Activity = Please give back each line of the material unchanged, but without the images.

Recorded data =
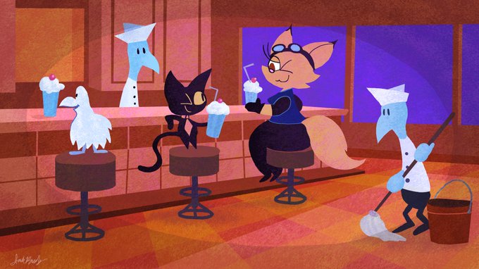 The Ice Cream Parlor #digitalart #illustration #ArtistOnTwitter #cat #bird #diner #parlor #icecream
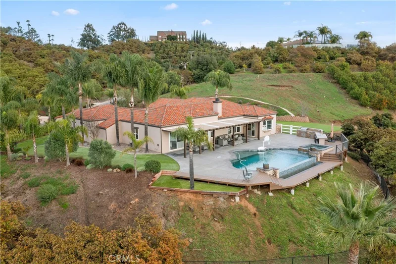 Back on the market at no fault of the seller. Incredible canyon and sunset views set the stage for this luxury De Luz estate pool home, perched at the end of a private cul-de-sac on over 4.55 acres of productive orchard land overlooking the protected Santa Margarita Preserve. This 4-bedroom, 3.5-bath, 3,272 sq ft residence offers the perfect blend of privacy, elegance, and resort-style living, complete with a breathtaking saltwater infinity-edge pool and spa framed by sweeping hillside vistas. A palm-lined paved driveway leads to a charming courtyard and oversized leaded double doors opening to a light-filled, open floor plan designed for entertaining. Interior features include new interior paint, crown molding, smooth hand-textured walls, graded baseboards, ceiling fans, exterior electric window shades, and carpeted bedrooms. Formal living and dining rooms flow into a welcoming family room with fireplace and a gourmet kitchen featuring a six-burner Viking stove, double KitchenAid ovens, quartz countertops, Bosch dishwasher, walk-in pantry, built-in buffet with wine refrigerator, breakfast bar, and eat-in dining area. The primary suite is a private retreat offering a walk-in closet, spa-style bath with dual sinks, vanity, jetted tub, walk-in shower, and a private office located just off the suite. Two guest bedrooms share a Jack-and-Jill bathroom with dual sinks, providing comfort and functionality. Outdoor living is exceptional with a custom deck surrounding the infinity pool and spa, an Alumawood-covered patio, built-in BBQ, two blue bowl fire pits, outdoor refrigerator, and expansive entertaining spaces ideal for enjoying unforgettable sunsets. The property includes over 200 avocado trees and more than 340 tangerine trees, along with fig, lemon, lime, pomegranate, Asian pear, and olive trees. Additional features include RV parking, room for an ADU, custom chicken coop with run, whole-house fan, dedicated laundry room, ample storage, and a charming half bath with custom wine barrel sink. Located just minutes from Old Town Temecula, wine country, golf, dining, and Pechanga Resort & Casino. Unincorporated Riverside County offers lower tax rates and the option for Temecula or Murrieta schools. A rare opportunity to own a true luxury orchard estate with views, privacy, and lifestyle.
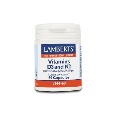 Νεότερα επιστημονικά δεδομένα καταδεικνύουν την συνεργική δράση της βιταμίνης Κ (συγκεκριμένα της βιταμίνης Κ2) και της βιταμίνης D και συνιστούν στους Επαγγελματίες της Υγείας παρακολούθηση τη λήψης και των δύο αυτών βιταμινών. Πιο συγκεκριμένα η Βιταμίνη D συμβάλλει*: • στην φυσιολογική λειτουργία του ανοσοποιητικού συστήματος • στην φυσιολογική απορρόφηση και χρησιμοποίηση του ασβεστίου και του φωσφόρου • στην διατήρηση των φυσιολογικών επιπέδων ασβεστίου στο αίμα • στην διατήρηση της φυσιολογικής κατάστασης των οστών • στην φυσιολογική κατάσταση των μυών • στην διατήρηση της φυσιολογικής κατάστασης των δοντιών • στην κυτταρική διαίρεση ενώ η βιταμίνη Κ συμβάλλει*: • στη φυσιολογική πήξη του αίματος • στη διατήρηση της φυσιολογικής κατάστασης των οστών Το σκεύασμα D3 και K2 της Lamberts αποδίδει 1000 μονάδες (25μg) φυσικής βιταμίνης D3 (ως χοληκαλσιφερόλη) καθώς και την εντυπωσιακή ποσότητα των 90μg (καθαρής και απαλλαγμένης από τα cis-ισομερή της) Βιταμίνη Κ2, στη φυσική της μορφή (ως μενακινόνη/ΜΚ-7). Σε αντίθεση με την πλειονότητα των σκευασμάτων που χρησιμοποιούν Κ2 από προερχόμενη από το νάττο (Ιαπωνέζικα φασόλια σόγιας), η Κ2 της Lamberts παρασκευάζεται από ρεβίθια μέσω μιας ειδικής διαδικασίας ζύμωσης. Το γεγονός αυτό διασφαλίζει ότι το σκεύασμά μας δεν περιέχει ως διατροφικά αλλεργιογόνα, σόγια και υποπροϊόντα γάλακτος. Όπως όλα τα σκευάσματα της Lamberts, παρασκευάζεται εντός του Ηνωμένου Βασιλείου σύμφωνα με τα αυστηρά πρότυπα της Φαρμακευτικής GMP (Pharmaceutical GMP).

Solution for this exercise =
 The Ice Cream Parlor #digitalart #illustration #ArtistOnTwitter #cat #bird #diner #parlor #icecream
 Back on the market at no fault of the seller. Incredible canyon and sunset views set the stage for this luxury De Luz estate pool home, perched at the end of a private cul-de-sac on over 4.55 acres of productive orchard land overlooking the protected Santa Margarita Preserve. This 4-bedroom, 3.5-bath, 3,272 sq ft residence offers the perfect blend of privacy, elegance, and resort-style living, complete with a breathtaking saltwater infinity-edge pool and spa framed by sweeping hillside vistas. A palm-lined paved driveway leads to a charming courtyard and oversized leaded double doors opening to a light-filled, open floor plan designed for entertaining. Interior features include new interior paint, crown molding, smooth hand-textured walls, graded baseboards, ceiling fans, exterior electric window shades, and carpeted bedrooms. Formal living and dining rooms flow into a welcoming family room with fireplace and a gourmet kitchen featuring a six-burner Viking stove, double KitchenAid ovens, quartz countertops, Bosch dishwasher, walk-in pantry, built-in buffet with wine refrigerator, breakfast bar, and eat-in dining area. The primary suite is a private retreat offering a walk-in closet, spa-style bath with dual sinks, vanity, jetted tub, walk-in shower, and a private office located just off the suite. Two guest bedrooms share a Jack-and-Jill bathroom with dual sinks, providing comfort and functionality. Outdoor living is exceptional with a custom deck surrounding the infinity pool and spa, an Alumawood-covered patio, built-in BBQ, two blue bowl fire pits, outdoor refrigerator, and expansive entertaining spaces ideal for enjoying unforgettable sunsets. The property includes over 200 avocado trees and more than 340 tangerine trees, along with fig, lemon, lime, pomegranate, Asian pear, and olive trees. Additional features include RV parking, room for an ADU, custom chicken coop with run, whole-house fan, dedicated laundry room, ample storage, and a charming half bath with custom wine barrel sink. Located just minutes from Old Town Temecula, wine country, golf, dining, and Pechanga Resort & Casino. Unincorporated Riverside County offers lower tax rates and the option for Temecula or Murrieta schools. A rare opportunity to own a true luxury orchard estate with views, privacy, and lifestyle.
 Νεότερα επιστημονικά δεδομένα καταδεικνύουν την συνεργική δράση της βιταμίνης Κ (συγκεκριμένα της βιταμίνης Κ2) και της βιταμίνης D και συνιστούν στους Επαγγελματίες της Υγείας παρακολούθηση τη λήψης και των δύο αυτών βιταμινών. Πιο συγκεκριμένα η Βιταμίνη D συμβάλλει*: • στην φυσιολογική λειτουργία του ανοσοποιητικού συστήματος • στην φυσιολογική απορρόφηση και χρησιμοποίηση του ασβεστίου και του φωσφόρου • στην διατήρηση των φυσιολογικών επιπέδων ασβεστίου στο αίμα • στην διατήρηση της φυσιολογικής κατάστασης των οστών • στην φυσιολογική κατάσταση των μυών • στην διατήρηση της φυσιολογικής κατάστασης των δοντιών • στην κυτταρική διαίρεση ενώ η βιταμίνη Κ συμβάλλει*: • στη φυσιολογική πήξη του αίματος • στη διατήρηση της φυσιολογικής κατάστασης των οστών Το σκεύασμα D3 και K2 της Lamberts αποδίδει 1000 μονάδες (25μg) φυσικής βιταμίνης D3 (ως χοληκαλσιφερόλη) καθώς και την εντυπωσιακή ποσότητα των 90μg (καθαρής και απαλλαγμένης από τα cis-ισομερή της) Βιταμίνη Κ2, στη φυσική της μορφή (ως μενακινόνη/ΜΚ-7). Σε αντίθεση με την πλειονότητα των σκευασμάτων που χρησιμοποιούν Κ2 από προερχόμενη από το νάττο (Ιαπωνέζικα φασόλια σόγιας), η Κ2 της Lamberts παρασκευάζεται από ρεβίθια μέσω μιας ειδικής διαδικασίας ζύμωσης. Το γεγονός αυτό διασφαλίζει ότι το σκεύασμά μας δεν περιέχει ως διατροφικά αλλεργιογόνα, σόγια και υποπροϊόντα γάλακτος. Όπως όλα τα σκευάσματα της Lamberts, παρασκευάζεται εντός του Ηνωμένου Βασιλείου σύμφωνα με τα αυστηρά πρότυπα της Φαρμακευτικής GMP (Pharmaceutical GMP).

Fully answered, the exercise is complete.